Differential scanning calorimetry (DSC) analysis was performed using DSC equipment (brand: PerkinElmer). The specimen was cut into small piece (7 ± 2 mg) and placed in a closed aluminum pan. Then, the sample was heated from 30°C to 160°C with a heating rate of 10°C min⁻¹. The process was carried out under nitrogen atmosphere where the nitrogen gas flow rate was set at 20 ml min⁻¹. The glass transition temperature (T _g), melting temperature first peak (T _m1) and second peak (T _m2), cold crystallization temperature (T _cc), enthalpy of cold crystallization (ΔH_cc ), and enthalpy of fusion (ΔH _f) were obtained from the DSC curves. In addition, the crystallinity of biocomposite (X _c) was calculated using the following equation

X_{c} = (\frac{Δ H_{f} - Δ H_{cc}}{Δ H_{f}^{0}}) \times 100 %

where $Δ H_{f}^{0}$ is the heat of fusion for 100% crystalline PLA ( $Δ H_{f}^{0}$ = 93.7 J g⁻¹).¹⁹

Results and discussion

Processing torque

The processing torque against time curves of PLA/DHF biocomposites with different fiber and Ultra-Plast XP519 content are shown in Figure 1. According to Figure 1(a), the first sharp peak was found at first minute and the processing torque raised rapidly once the solid PLA resin was added.
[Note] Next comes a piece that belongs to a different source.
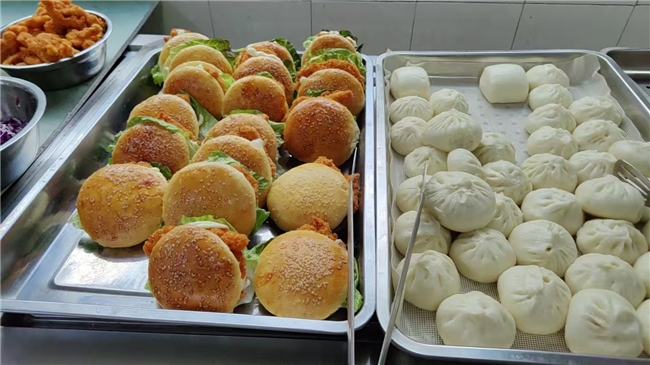 共工社3月31日电(通讯员:李辰奇)近日,中交一航局五公司广韶北扩项目部食堂内香气四溢,一排排现做的DIY汉堡整齐摆放,金黄酥脆的鸡排、新鲜脆嫩的生菜搭配松软的面包胚,与传统肉包、馒头一同成为员工餐的热门选择。这是项目部立足员工需求,创新餐饮服务、打造“中西融合”特色员工餐的一次生动实践,既让工地食堂飘出了“烟火气”,更让员工感受到了实实在在的关怀。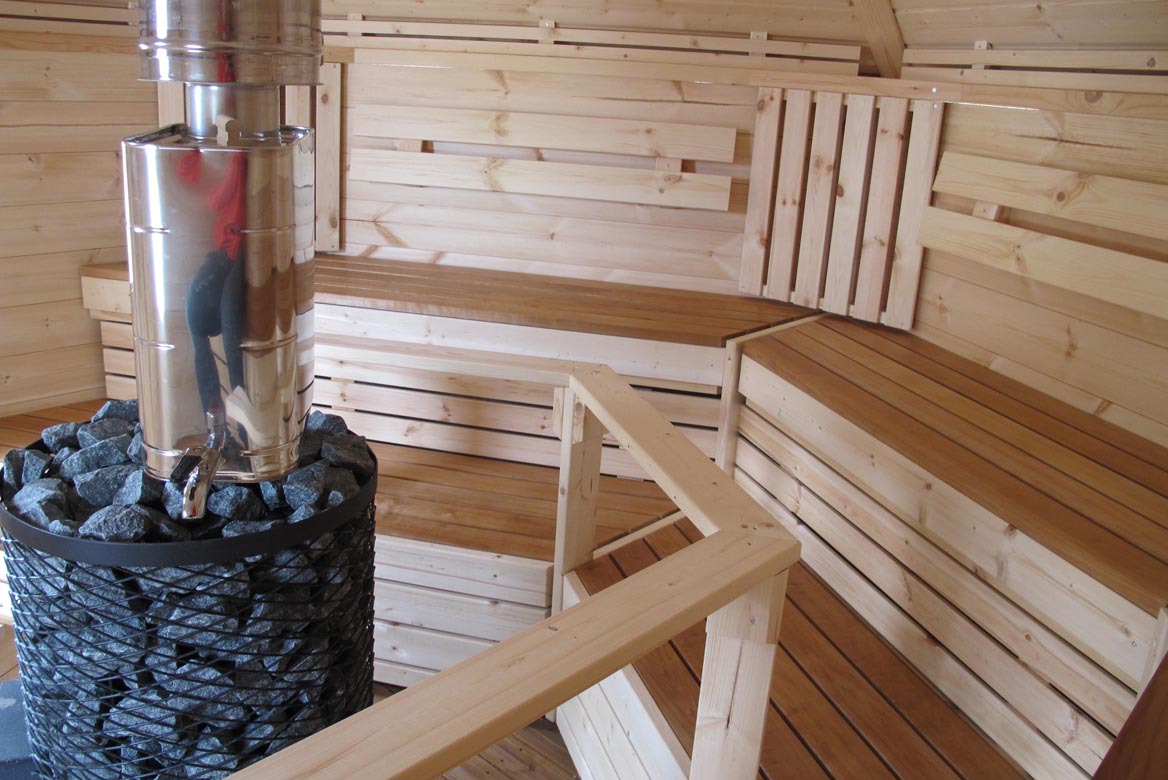 The interior layout is built around a central heater, creating an even and efficient heat distribution throughout the sauna. Surrounding benches allow comfortable seating for 4–6 people, making it ideal for social sauna sessions.

Then, the torque gradually decreased after the solid PLA resin started to melt due to high processing temperature and continuous shearing action. The DHF was added at time 2 min resulting in a second processing torque peak. This is because the addition of DHF has disturbed the flow of melted PLA. After that, the processing torque decreased slowly and achieved a stabilized torque. This indicates the PLA/DHF had become a homogenized compound. Figure 1(a) shows that the processing torque at time 10 min increased with increasing fiber content. The friction between fiber and molecular chains increased with the increase of fiber content. Hence, the increasing amount of fiber will hinder the melt flow of melted PLA. A similar finding on processing torque was also found in other literatures.^20,21 From Figure 1(b), the stabilized torque of biocomposites was significantly decreased when added with more Ultra-Plast XP519. The addition of 2 phr of Ultra-Plast XP519 reduced 15% of processing torque. The Ultra-Plast XP519 is a compound mainly containing fatty acid amide which is able to work as lubricant for the compound. This fatty acid amide might be present between the fibers and the melted PLA and this highly reduced the friction between fiber and matrix. Besides, the fatty acid amide also lubricated the compound by reducing the friction with mixing chamber wall. For this reason, the processing torque of compound was significantly reduced. Chun et al.²⁰ also reported the addition of stearic acid lubricating the biocomposites compound during the process by lowering the processing torque.

Figure 1.

Torque versus time curves of PLA/DHF biocomposites with (a) different fiber contents and (b) Ultra-Plast XP519 content.

Tensile properties

Figure 2(a) shows the tensile strength of PLA/DHF biocomposites with different DHF content. The fiber obtained from durian husk was short fiber. Generally, the efficiency of short fibers to act as reinforcement depends on fiber orientation. In general, short fibers have a random fiber orientation and only fibers that are aligned parallel to the direction of axial load are able to act as load bearing component in the composite.²² From the results, the tensile strength of PLA/DHF biocomposites exhibited an increasing trend as the fiber content increases. Usually, natural fiber displays a higher mechanical strength compared to most plastic material.²³ Thus, the addition of more DHF will increase the strength of biocomposites. Moreover, the addition of more DHF might have more short fiber aligned parallel to the direction of stress. Hence, part of the short fibers can share the axial load subjected on the PLA matrix and increased the tensile strength of biocomposites. Similar findings have also been reported by other researchers.^{14

–24} The tensile modulus of PLA/DHF biocomposites with different fiber content is displayed in Figure 1(b). The tensile modulus of the biocomposites gradually increased with increasing amount of DHF. It is because the modulus of DHF is higher than PLA matrix. Therefore, the presence of higher amount of DHF contributed to higher modulus of the biocomposites. Moreover, Gunti et al.²⁵ also agreed that the modulus of PLA biocomposites is highly depending on the amount of filler whereby the PLA/jute biocomposites with higher fiber content showed a higher tensile modulus.

Figure 2.

(a) Tensile strength and (b) tensile modulus of PLA/DHF biocomposite with different fiber contents.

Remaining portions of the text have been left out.